Agatston and volume scores were provided in the original MESA dataset (12), and area and density scores were derived according to the methods described in a prior paper evaluating CAC density (8). Briefly, the Agatston score is calculated by multiplying the calcified plaque area of a given lesion within a given CT slice by a calcium density factor (1 to 4) that corresponds to the maximal Hounsfield unit attenuation. Scores for all lesions on all slices through the z-axis of the heart are summed to produce the Agatston score. The area score was obtained by dividing the volume score in cubic millimeters by the appropriate slice thickness, either 2.5 mm or 3.0 mm depending on the scanner used. Finally, each participant’s average density score was calculated by dividing the Agatston scores by their respective area scores.

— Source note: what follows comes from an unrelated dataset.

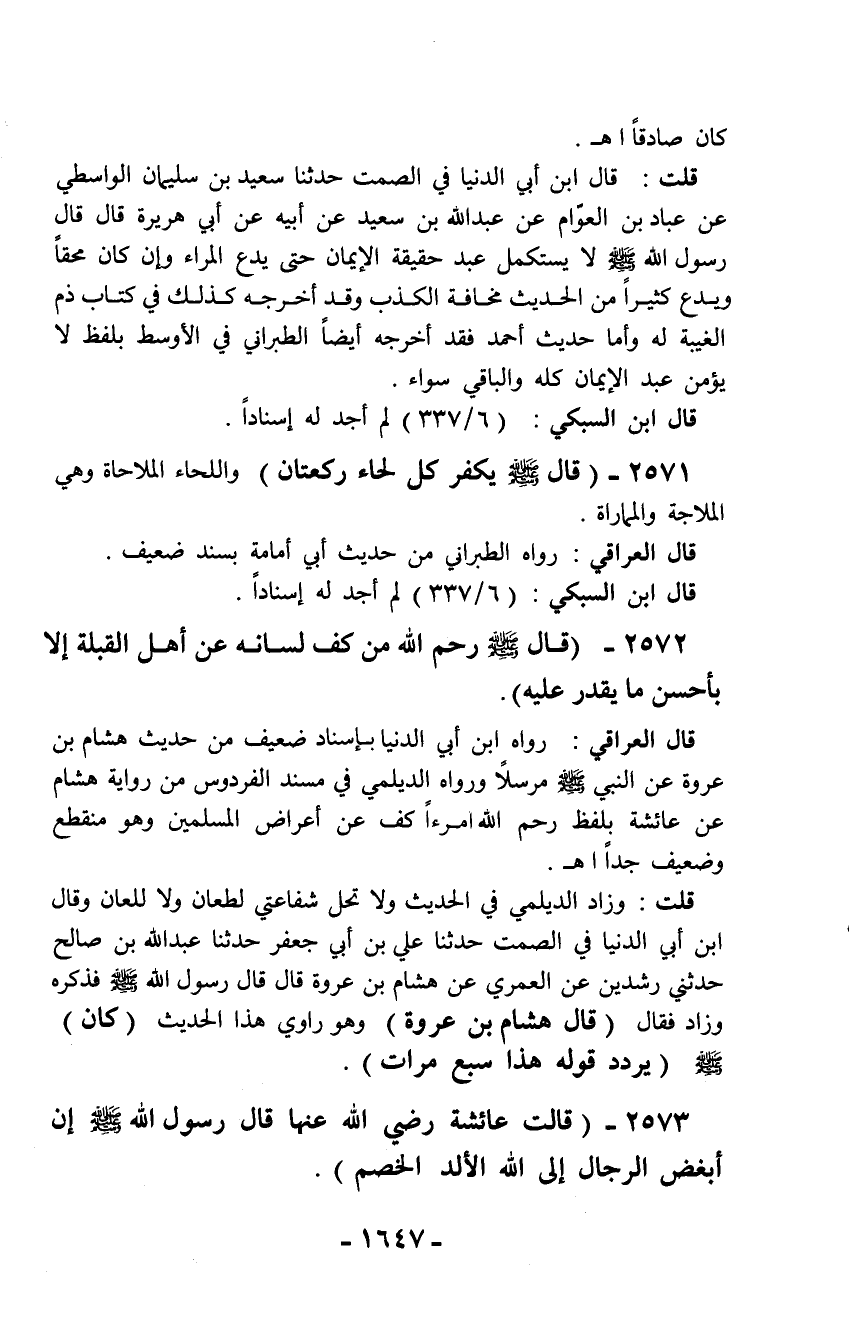 2572 - (قال - صلّى الله عليه وسلم - رحم الله من كف لسانه عن أهل القبلة إلا بأحسن ما يقدر عليه).
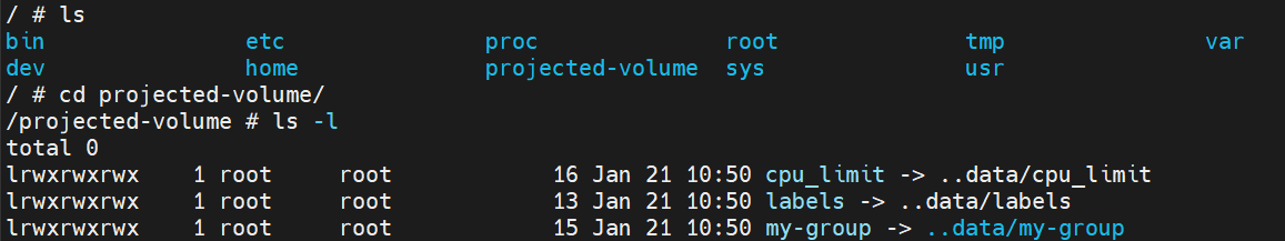 projected-volume이라는 디렉토리 내에 설정한 내용과 같이 파일과 디렉토리가 생성되었다.

All participants were followed from baseline for incident CVD events (10,14). Telephone interviewers contacted each participant at 9- to 12-month intervals to collect information about interim hospitalizations, CVD outpatient diagnoses and procedures, and deaths. Medical records, death certificates, and next of kin interviews in the case of out-of-hospital deaths were used to verify self-reported diagnoses. Follow-up for this report started with baseline examination and concluded with the first CVD event, loss to follow-up, death, or December 31, 2012. Our outcome of interest was incident CVD events, which we analyzed as 2 separate endpoints: hard CHD, defined as myocardial infarction, resuscitated cardiac arrest, or CHD death; and hard CVD, defined as hard CHD, stroke, or stroke death. Each endpoint was adjudicated by the MESA Morbidity and Mortality Committee (14).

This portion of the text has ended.